→ What to work on
Return the line containing "中國寧波網(wǎng)手機記" together with every later line up to the end of the records, exactly and with no pictures; return nothing else.

→ Extracted data
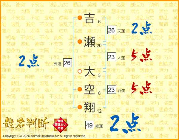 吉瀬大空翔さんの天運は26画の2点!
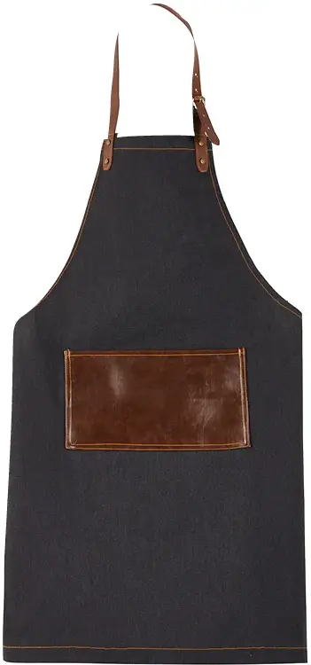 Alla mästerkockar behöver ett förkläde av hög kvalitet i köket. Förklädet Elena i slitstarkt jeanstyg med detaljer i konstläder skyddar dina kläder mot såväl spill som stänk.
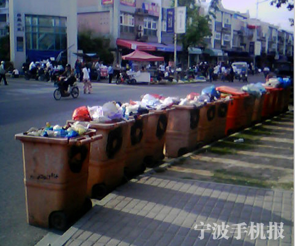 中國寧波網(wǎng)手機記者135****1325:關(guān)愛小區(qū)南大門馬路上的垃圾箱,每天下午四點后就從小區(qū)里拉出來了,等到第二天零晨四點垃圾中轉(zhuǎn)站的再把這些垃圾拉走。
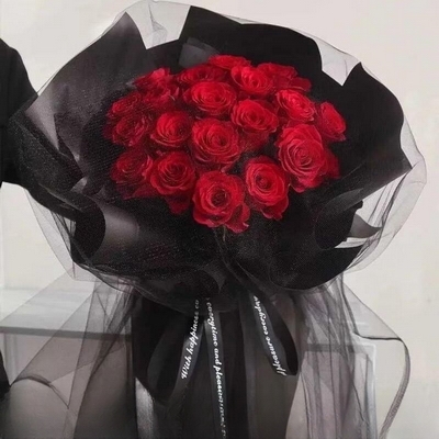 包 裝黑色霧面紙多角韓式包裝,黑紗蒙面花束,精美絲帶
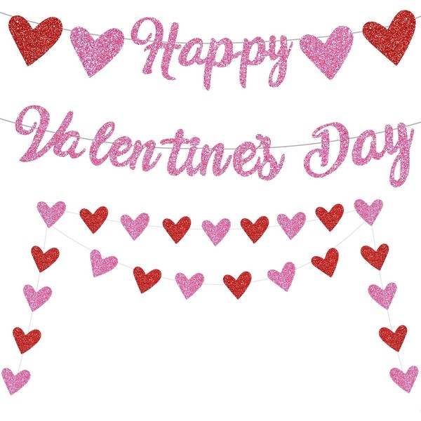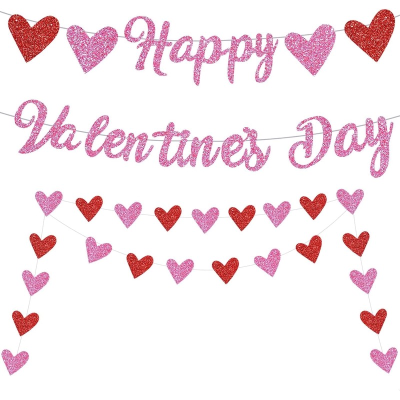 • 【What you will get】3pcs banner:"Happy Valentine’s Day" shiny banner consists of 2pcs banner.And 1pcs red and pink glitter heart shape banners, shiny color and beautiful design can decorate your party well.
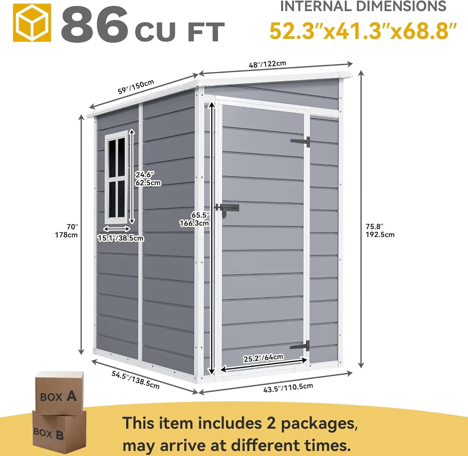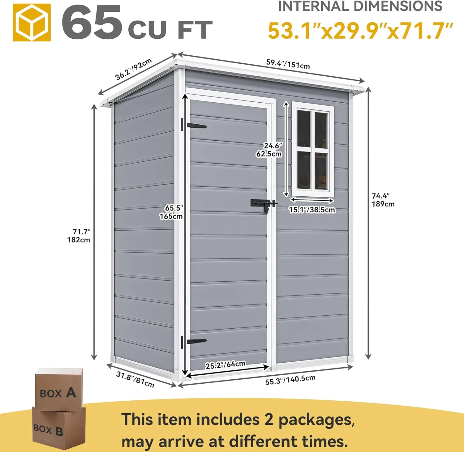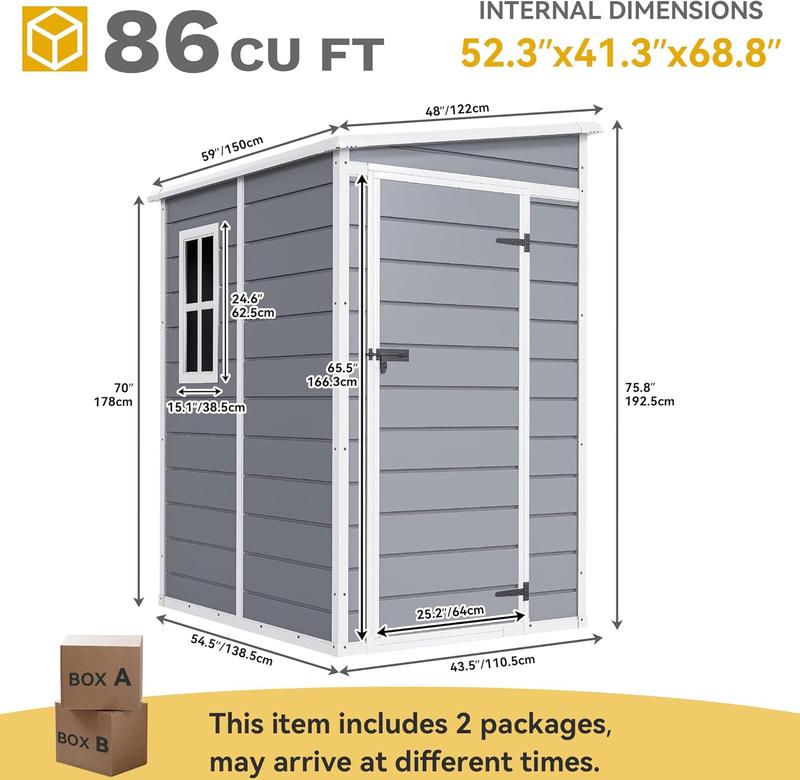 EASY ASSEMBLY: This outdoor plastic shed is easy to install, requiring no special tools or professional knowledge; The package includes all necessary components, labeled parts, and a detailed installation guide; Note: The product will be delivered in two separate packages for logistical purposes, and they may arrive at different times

→ Response for this exercise
 中國寧波網(wǎng)手機記者135****1325:關(guān)愛小區(qū)南大門馬路上的垃圾箱,每天下午四點后就從小區(qū)里拉出來了,等到第二天零晨四點垃圾中轉(zhuǎn)站的再把這些垃圾拉走。
 包 裝黑色霧面紙多角韓式包裝,黑紗蒙面花束,精美絲帶
 • 【What you will get】3pcs banner:"Happy Valentine’s Day" shiny banner consists of 2pcs banner.And 1pcs red and pink glitter heart shape banners, shiny color and beautiful design can decorate your party well.
 EASY ASSEMBLY: This outdoor plastic shed is easy to install, requiring no special tools or professional knowledge; The package includes all necessary components, labeled parts, and a detailed installation guide; Note: The product will be delivered in two separate packages for logistical purposes, and they may arrive at different times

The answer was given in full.